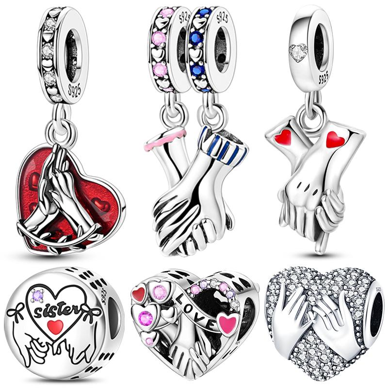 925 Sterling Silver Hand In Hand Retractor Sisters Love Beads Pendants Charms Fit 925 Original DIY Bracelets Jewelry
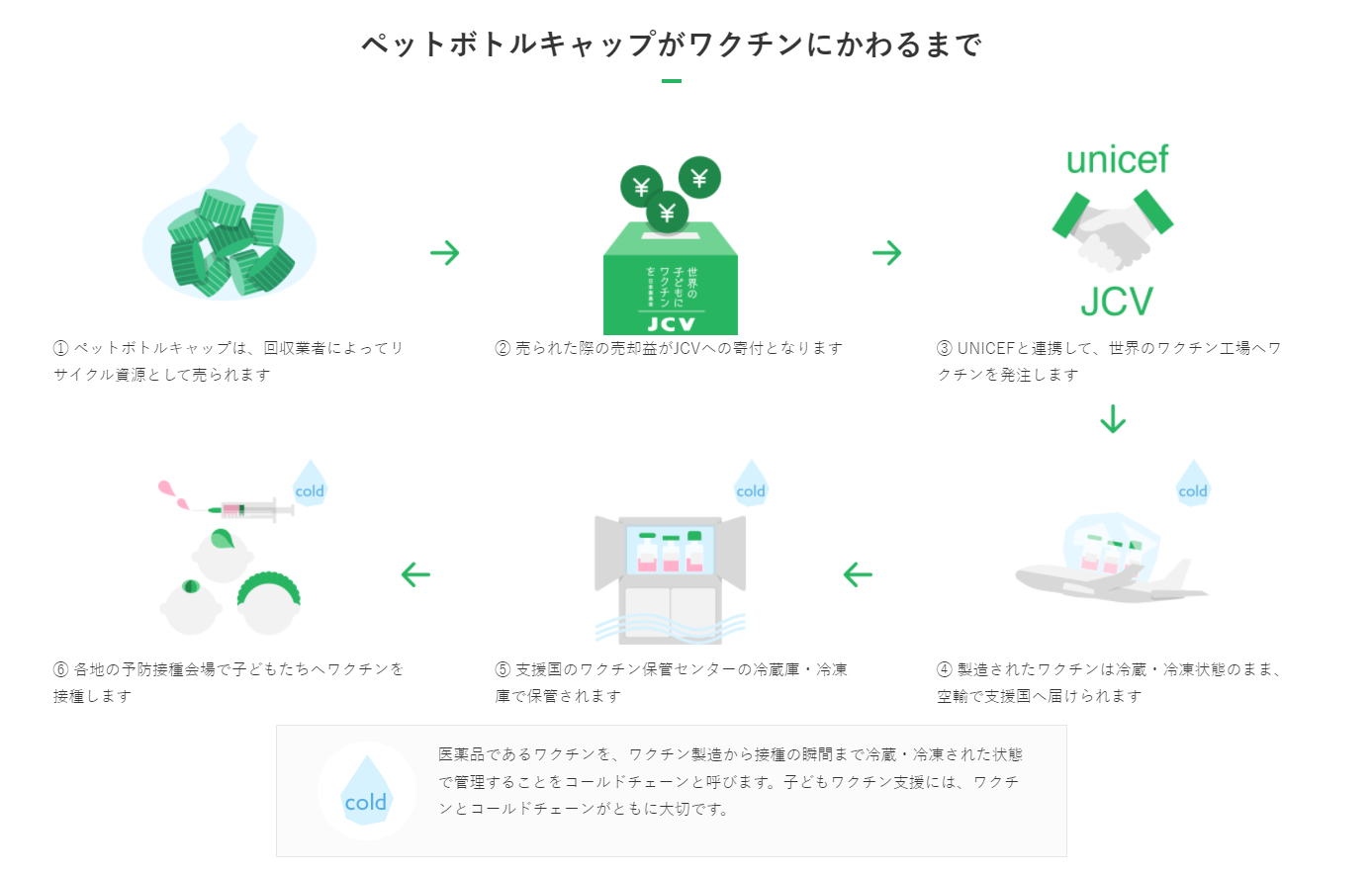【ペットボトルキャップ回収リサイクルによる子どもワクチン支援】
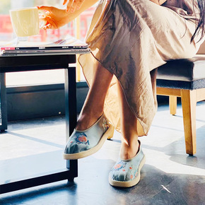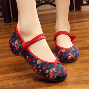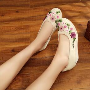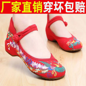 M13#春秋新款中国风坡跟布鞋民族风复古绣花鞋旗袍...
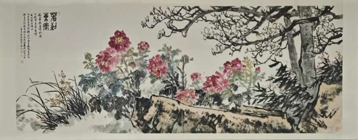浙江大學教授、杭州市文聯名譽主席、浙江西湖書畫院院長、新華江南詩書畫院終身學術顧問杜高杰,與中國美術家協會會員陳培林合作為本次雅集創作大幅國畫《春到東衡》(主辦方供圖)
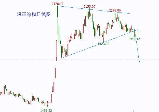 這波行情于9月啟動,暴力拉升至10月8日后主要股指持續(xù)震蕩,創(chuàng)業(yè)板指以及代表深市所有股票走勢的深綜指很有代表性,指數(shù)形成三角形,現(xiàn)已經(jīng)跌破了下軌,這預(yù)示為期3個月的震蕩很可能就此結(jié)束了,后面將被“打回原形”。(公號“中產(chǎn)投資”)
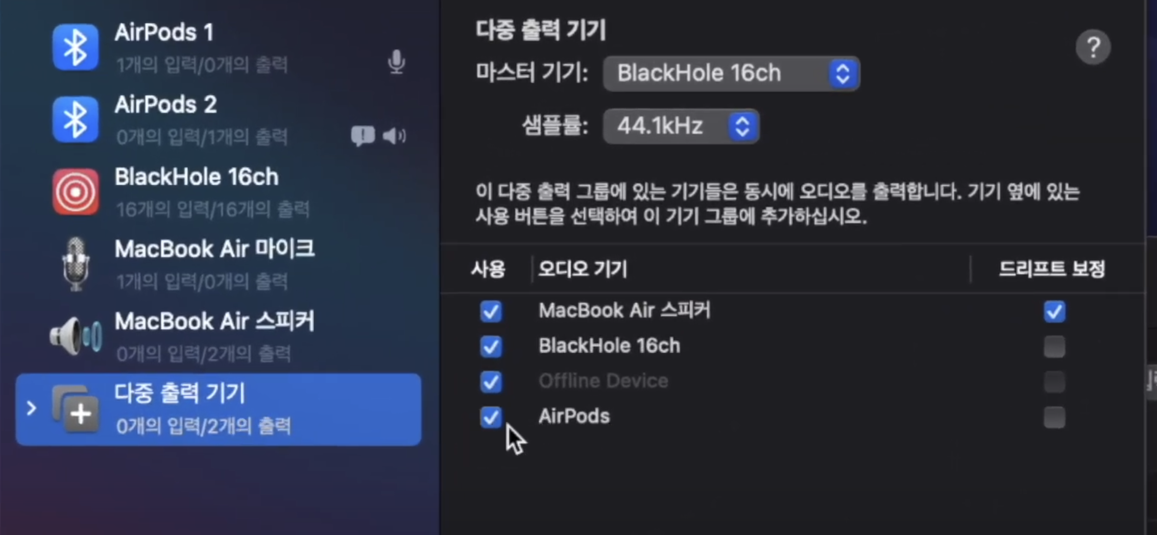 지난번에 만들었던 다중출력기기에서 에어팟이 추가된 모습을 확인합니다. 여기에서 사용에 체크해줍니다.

+ + +

Task details »
Each line from the one containing "M13#春秋新款中国风坡跟布鞋民族风复古绣花鞋旗袍..." through the last line of the entries above is to be extracted exactly. Pictures are not part of the copy.

Answer to the exercise »
 M13#春秋新款中国风坡跟布鞋民族风复古绣花鞋旗袍...
浙江大學教授、杭州市文聯名譽主席、浙江西湖書畫院院長、新華江南詩書畫院終身學術顧問杜高杰,與中國美術家協會會員陳培林合作為本次雅集創作大幅國畫《春到東衡》(主辦方供圖)
 這波行情于9月啟動,暴力拉升至10月8日后主要股指持續(xù)震蕩,創(chuàng)業(yè)板指以及代表深市所有股票走勢的深綜指很有代表性,指數(shù)形成三角形,現(xiàn)已經(jīng)跌破了下軌,這預(yù)示為期3個月的震蕩很可能就此結(jié)束了,后面將被“打回原形”。(公號“中產(chǎn)投資”)
 지난번에 만들었던 다중출력기기에서 에어팟이 추가된 모습을 확인합니다. 여기에서 사용에 체크해줍니다.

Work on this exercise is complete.